Facebook purchases Parse to promote mobile app development

With the buy, the social network unveils a new strategy in mobile: selling backend services to app developers.

facebook parse
Facebook
Facebook has agreed to purchase Parse, a service that allows developers to build mobile applications for iOS, Android, Windows, and mobile web.

The social network announced Thursday that it picked up the mobile-focused company for an undisclosed sum and said it plans to continue offering Parse's products and services. The deal is reported to be worth $85 million, according to TechCrunch.

"By making Parse a part of Facebook Platform, we want to enable developers to rapidly build apps that span mobile platforms and devices," Doug Purdy, Facebook's director of product management, said. "Parse makes this possible by allowing developers to work with native objects that provide backend services for data storage, notifications, user management, and more. This removes the need to manage servers and a complex infrastructure, so you can simply focus on building great user experiences."

Two-year-old Parse currently powers tens of thousands of mobile apps, including those of top brands, CEO Ilya Sukhar said in a blog post on the sale.

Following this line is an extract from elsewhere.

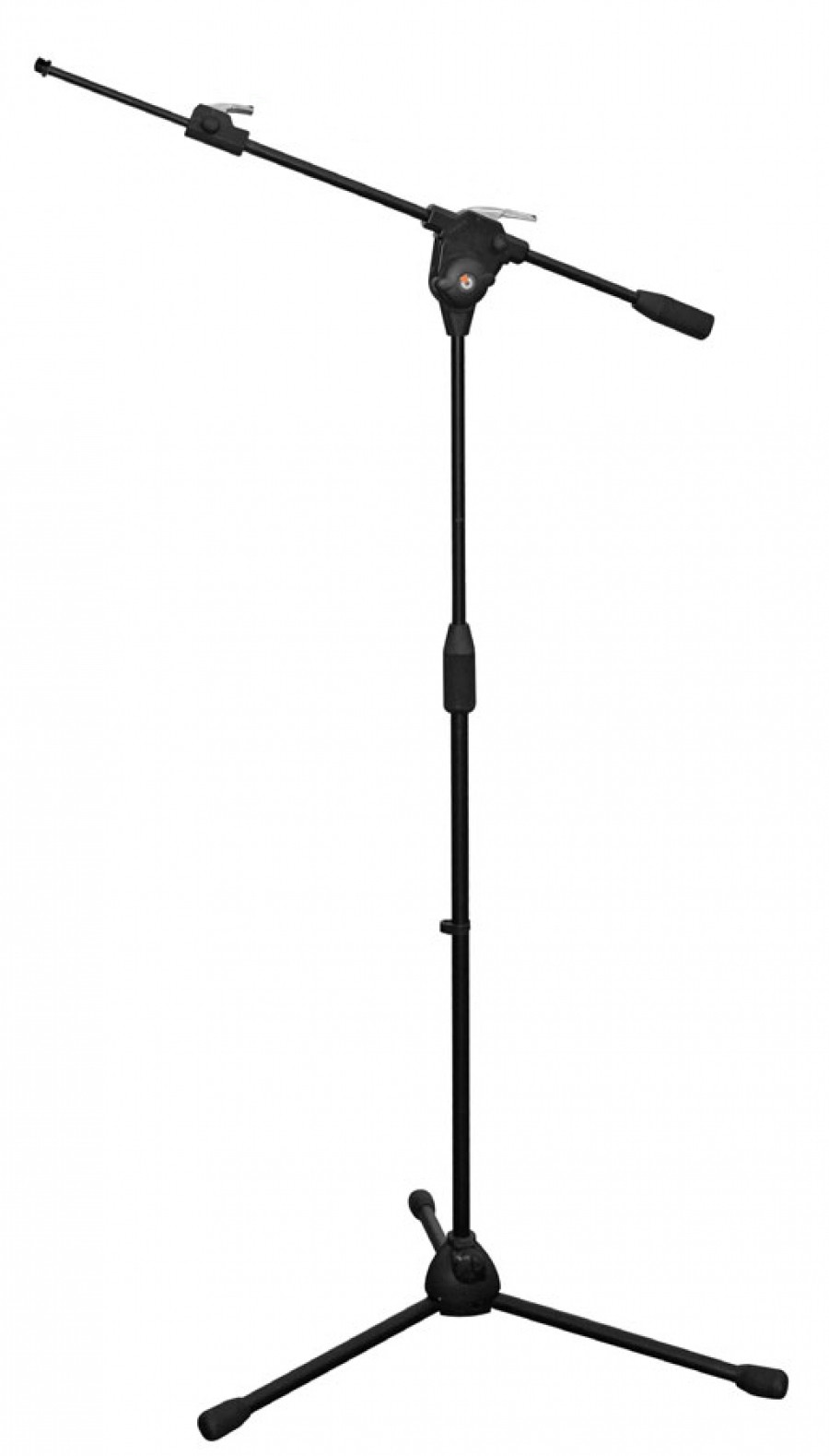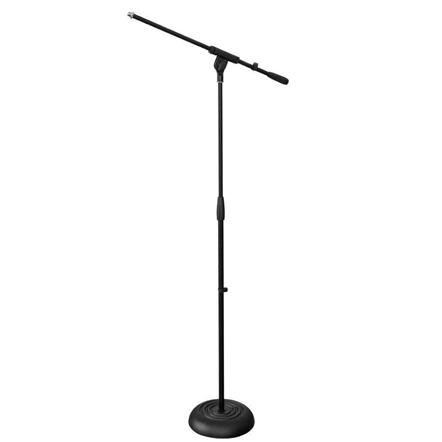 Мікрофонна стійка "журавель" з круглою базою. Металеве з'єднання і база. Можливість налаштування за висотою. Колір: чорний.

Customers include the Food Network, Cisco, and Deloitte. The San Francisco-based company had raised roughly $7 million in funding from Ignition Partners, Google Ventures, SV Angel, Menlo Ventures, and other angel investors.

The buy seems largely motivated by Facebook's continued interest in conquering mobile, an effort that recently culminated in the release of Facebook Home. Parse provides the social network with a new way to go about its mobile-first mission; it offers the company instant access to a pool of mobile developers who might be more motivated to weave Facebook hooks into their applications. Facebook also will, by continuing to sell and manage Parse's backend services, pick up an entirely new revenue stream and become a service provider of a different kind.

Parse offers a free plan for developers with smaller application audiences, but sells a paid service that starts at $199 per month.